**Work request**
Reproduce exactly, and solely, the lines running from the top of the data below through the line with "The distinctive Elle", both inclusive. Omit pictures.
# # # # #
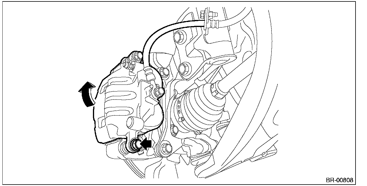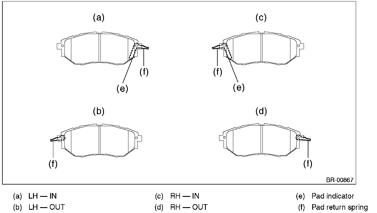 ^ If the pad return spring is deformed or damaged, replace the brake pad.
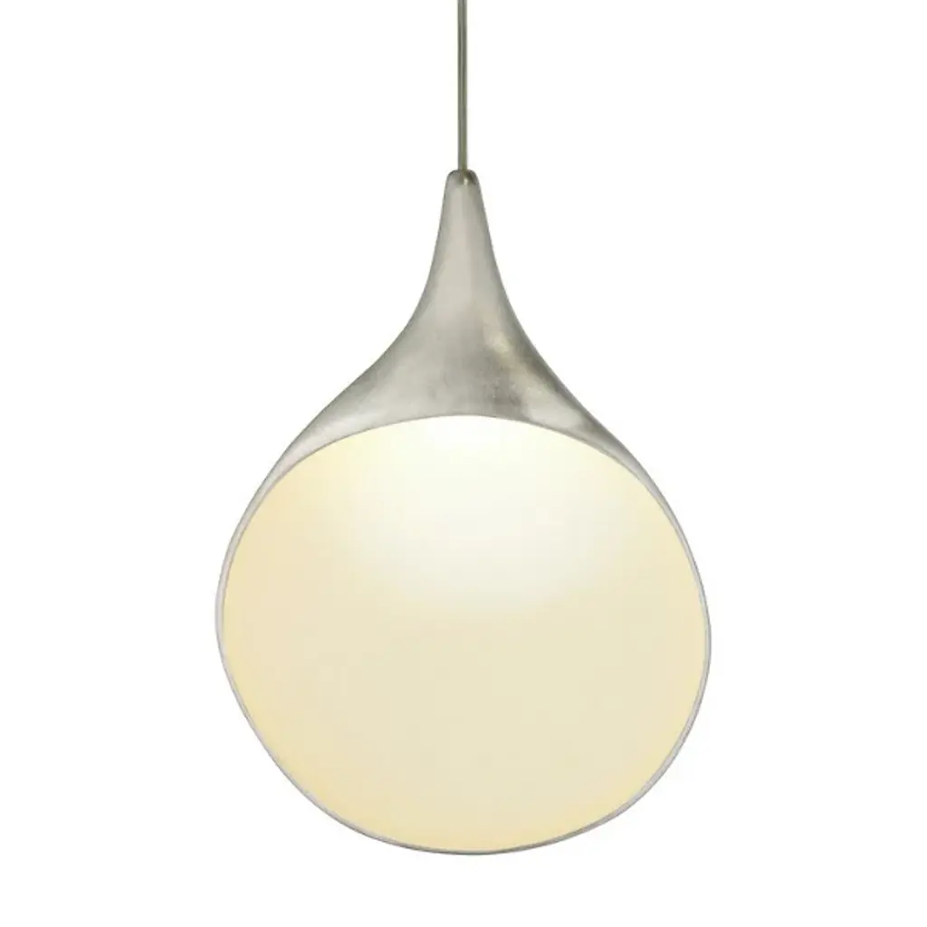 The distinctive Elle 11 Pendant is composed of an outer tear-drop trans gray glass shade, complemented perfectly with a blown opal glass sphere. The inner opal conceals the light source, while both diffusing and directing downward the output the the light source. The pleasing play of light and dimension through the Elle makes for asoothing optical affect. The cord pendant fixture is equipped with a 10' SVT cordset and an low profile flat monopoint canopy. These stylish and functional luminaries are offered in a beautiful Satin Nickel finish.
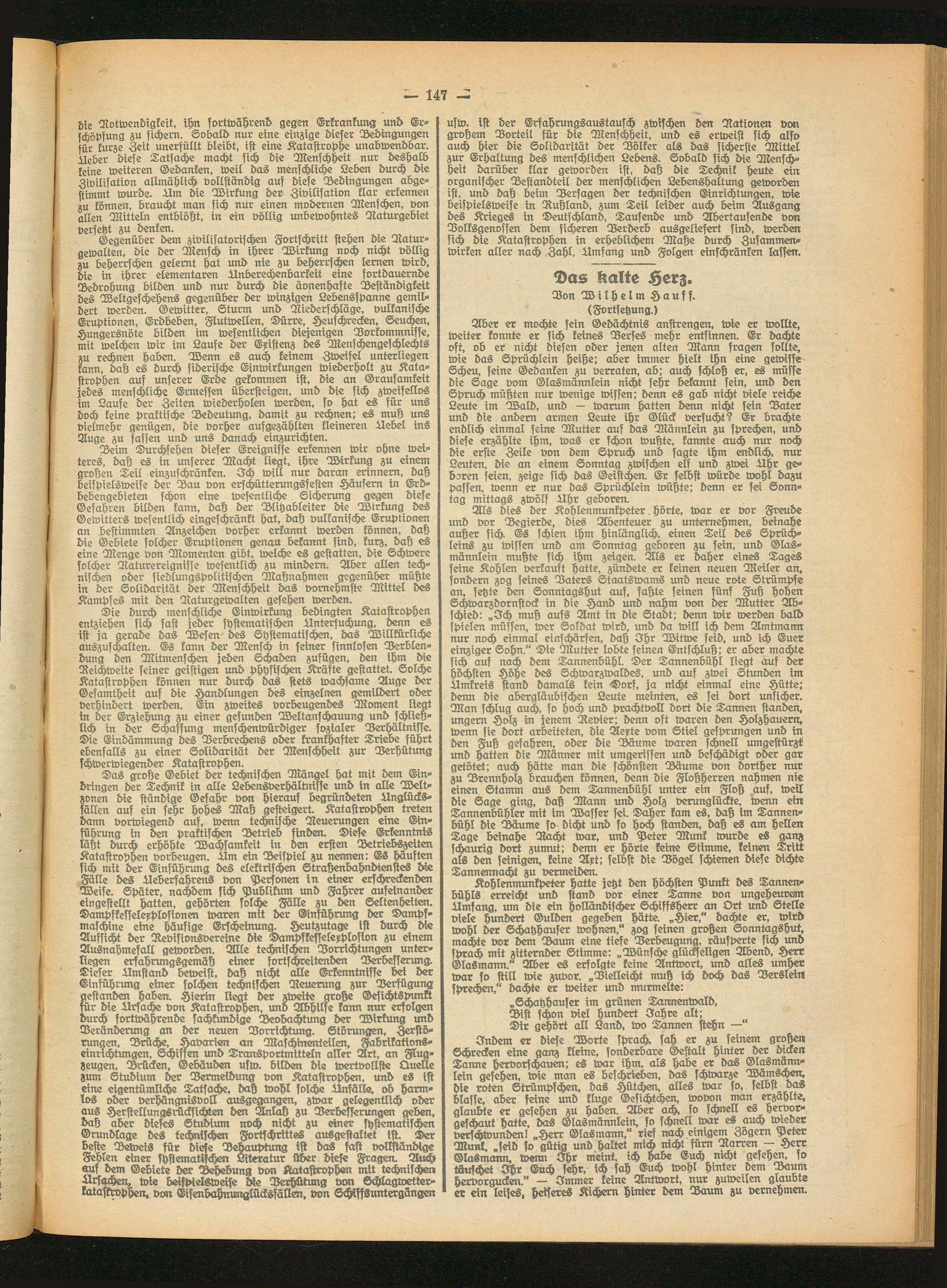 Kohlenmunkpeter hatte jetzt den höchsten Punkt des Tannen- bühls erreicht und stand vor einer Tanne von ungeheurem Llmfang, um die ein holländischer Schiffsherr an Ort und Stelle viele hundert Gulden gegeben hätte. „Hier," dachte er, wird wohl der Schatzhauser wohnen," zog seinen großen Sonntagshut, machte vor dem Daum eine tiefe Verbeugung, räusperte sich und sprach mit zitternder Stimme: „Wünsche glückseligen Abend, Herr Glasmann." Aber es erfolgte keine Antwort, und alles umher war so still wie zuvor. „Vielleicht muß ich doch das Derslein! sprechen," dachte er weiter und murmelte:
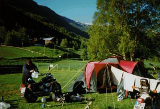 | Die Nacht war mit 3,9°C zu kalt für meinen Schlafsack und ich wärme mich am Morgen mit Duschmarken im Wert von locker DM15,-, in den hervorragenden sanitären Anlagen des Trollveggen-Camping, auf. Das Frühstück wird im Gemeinschaftsraum des Campingplatzes eingenommen, das Zelt im Regen abgebaut. Die Innenzelte komfortabel unter der Außenhaut, die Außenhaut in voller Regenbekleidung mit Helm. Gegen das Durchnässen der Handschuhe organisiere ich noch vier Plastiktüten, da wir uns entschlossen haben, uns lieber zum Horst zu machen, als alle 10 km die durchnäßten Sommerhandschuhe auf den Motorblöcken trocknen zu lassen.
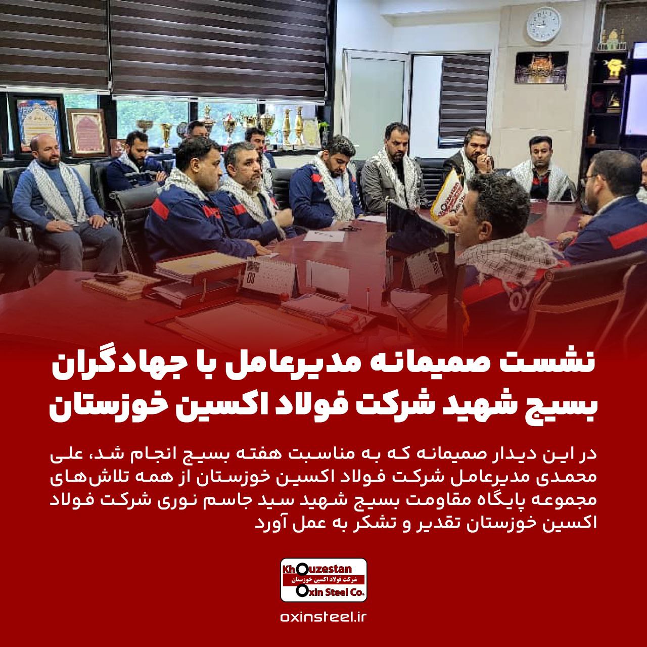 در این دیدار صمیمانه که به مناسبت هفته بسیج انجام شد، علی محمدی مدیرعامل شرکت فولاد اکسین خوزستان از همه تلاشهای مجموعه پایگاه مقاومت بسیج شهید سید جاسم نوری شرکت فولاد اکسین خوزستان در راستای تلاش و عملکرد بی وفقه آنها تقدیر و تشکر به عمل آورد.
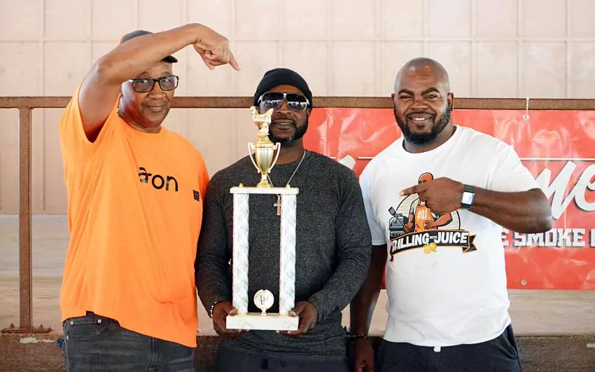 Pastor Donald Aaron, left, and Otis Smith, right, point to Shaun Magee, who won first place in the canned chicken New Harvest Worship Center Annual Smoke-Off Competition at the Columbia Water Park Nov. 4. Aaron, who was also the organizer of the event, placed second, and Smith placed third.
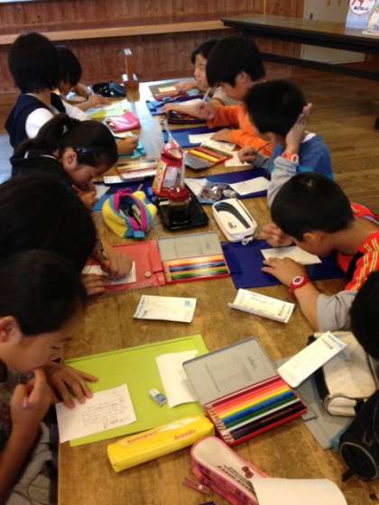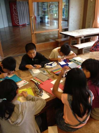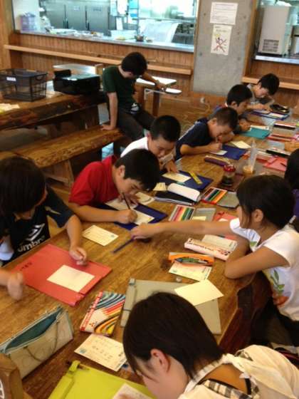 4日間の思い出をはがきにかきます。思い出いっぱいのはがきが後日,自分のおうちに届きます。
# # # # #
**Response below**
 ^ If the pad return spring is deformed or damaged, replace the brake pad.
 The distinctive Elle 11 Pendant is composed of an outer tear-drop trans gray glass shade, complemented perfectly with a blown opal glass sphere. The inner opal conceals the light source, while both diffusing and directing downward the output the the light source. The pleasing play of light and dimension through the Elle makes for asoothing optical affect. The cord pendant fixture is equipped with a 10' SVT cordset and an low profile flat monopoint canopy. These stylish and functional luminaries are offered in a beautiful Satin Nickel finish.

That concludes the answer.